Milchsensor zur Überwachung von Mastitis und der Leistungsdaten des Melkstands
3 Juni 2026 Neuigkeiten 3 min
Die Entstehung des neuen Milchsensors von CowManager
Während des Melkens leuchtet eine Kontrollanzeige auf. Der Melker erkennt sofort: Die Leitfähigkeit eines Euterviertels weicht vom Sollwert ab. Ein Sensor, der nicht nur die Leitfähigkeit misst, sondern auch Milchmenge, Milchfluss, Temperatur und Vakuumniveau.
Neben der Eutergesundheit auf Viertelbasis analysiert der Sensor sämtliche Abläufe im Melkstand bis ins Detail.
Das ist der Milchsensor – die neueste Innovation aus dem Hause CowManager.
Milchviehhalter und Gründer von CowManager Gerard Griffioen und Koen van Meurs, Leiter der Produktentwicklung.
„Dank des Milchsensors können Landwirte Probleme im Bereich der Eutergesundheit frühzeitig erkennen und ihnen gezielt vorbeugen“, erklärt Gerard Griffioen, Milchviehhalter und Gründer von CowManager.
Mastitis beeinträchtigt nicht nur die Milchleistung, sondern auch die Tiergesundheit und die Wirtschaftlichkeit des Betriebs. Eine frühzeitige Vorbeugung ist daher von großer Bedeutung.
„Bei einem Besuch bei einem unserer größten Kunden wurde deutlich, wie relevant die Herausforderungen sowohl im Umgang mit Mastitis als auch bei der Genauigkeit der Melkdaten sind. Kühe wurden nicht eindeutig erkannt, sodass keine vollständigen Melkdaten vorlagen. Gleichzeitig standen enorme Datenmengen zur Verfügung – allerdings oft mit erheblichen Zweifeln an deren Zuverlässigkeit“, erinnert sich Griffioen.
Daraus entstand die erste Idee für den Milchsensor. „Anschließend haben wir den Milchsensor gemeinsam mit Milchviehhaltern direkt unter Praxisbedingungen entwickelt“, berichtet Koen van Meurs, Leiter der Produktentwicklung, begeistert.
Da der Milchsensor Daten auf Viertelbasis erfasst und CowManager über ein internationales Netzwerk großer Milchviehbetriebe verfügt, konnten innerhalb kurzer Zeit umfangreiche Praxiserfahrungen und Datensätze gesammelt werden.
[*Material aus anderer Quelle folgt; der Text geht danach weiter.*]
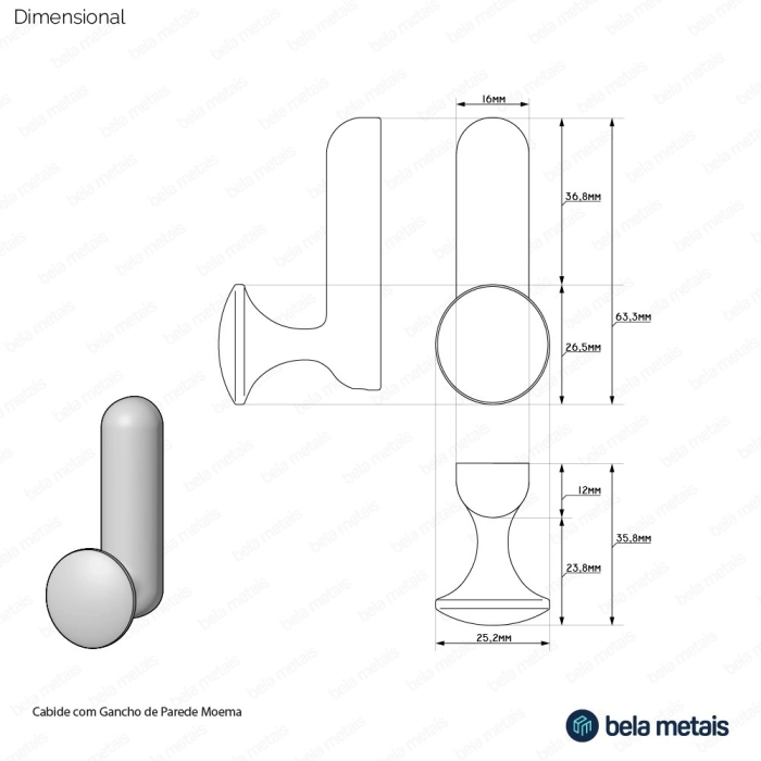 Cabide com Gancho de Parede Zamac (Jardins Escovado)

Auch der Abgleich der Ergebnisse mit Laboranalysen der Milch war ein wichtiger Bestandteil des Entwicklungsprozesses und entscheidend für ein Höchstmaß an Zuverlässigkeit.
Künstliche Intelligenz in Kombination mit der langjährigen Erfahrung von CowManager in der Entwicklung von Algorithmen und der Analyse großer Datenmengen bildet die Grundlage für ein intelligentes, leistungsstarkes und zuverlässiges Dashboard.
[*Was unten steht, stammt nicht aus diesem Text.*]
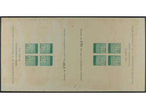 ** ESPAÑA: AYUNTAMIENTO DE BARCELONA. Ed. NE32(4). 4 HB. en un pliego formado por parejas horizontales o verticales CAPICUAS. Goma habitual de estas emisiones. MUY RARO. A EXAMINAR. Cat. 1.050€.

Fünf Indikatoren in einem Milchsensor
Der Milchsensor erfasst derzeit fünf Indikatoren: Temperatur, Leitfähigkeit, Milchmenge, Milchfluss und Vakuumniveau. „Der Milchsensor befindet sich in unmittelbarer Nähe zum Euter, wodurch besonders präzise Messdaten erzielt werden.
Gleichzeitig wurde auch die Milchqualität berücksichtigt: Der Sensor gewährleistet einen hygienischen und ungehinderten Milchfluss. Das System lässt sich vollständig individuell konfigurieren. Die Installation ist ein einfacher und schneller Prozess: Den Schlauch unter dem Melkbecher durchtrennen, den transparenten Sensor dazwischenschieben und anschließend die Schläuche wieder beidseitig am Sensor befestigen.
„Dadurch lässt sich der Sensor mit nahezu jeder Marke und jedem Typ von Melkbecher im Melkstand einsetzen“, erklärt Gerard engagiert.
Alle Daten werden übersichtlich auf dem Computer dargestellt. Der CowManager Milchsensor ist für alle Milchviehhalter verfügbar, die bereits einen CowManager Ohrsensor nutzen oder künftig einsetzen möchten. Darüber hinaus kann der Milchsensor zukünftig um eine Tiererkennung erweitert werden.
Der CowManager Milchsensor.
Mastitis frühzeitig erkennen und prognostizieren
Der Milchsensor unterstützt dabei, Euterentzündungen frühzeitig zu erkennen und potenzielle Risiken bereits vor dem Ausbruch zu identifizieren. Die kontinuierliche Überwachung der Melkprozesse wirkt sich positiv auf die Zitzengesundheit aus und kann Risikofaktoren für Mastitis – wie beispielsweise Hyperkeratosen an den Zitzenenden – frühzeitig sichtbar machen und reduzieren.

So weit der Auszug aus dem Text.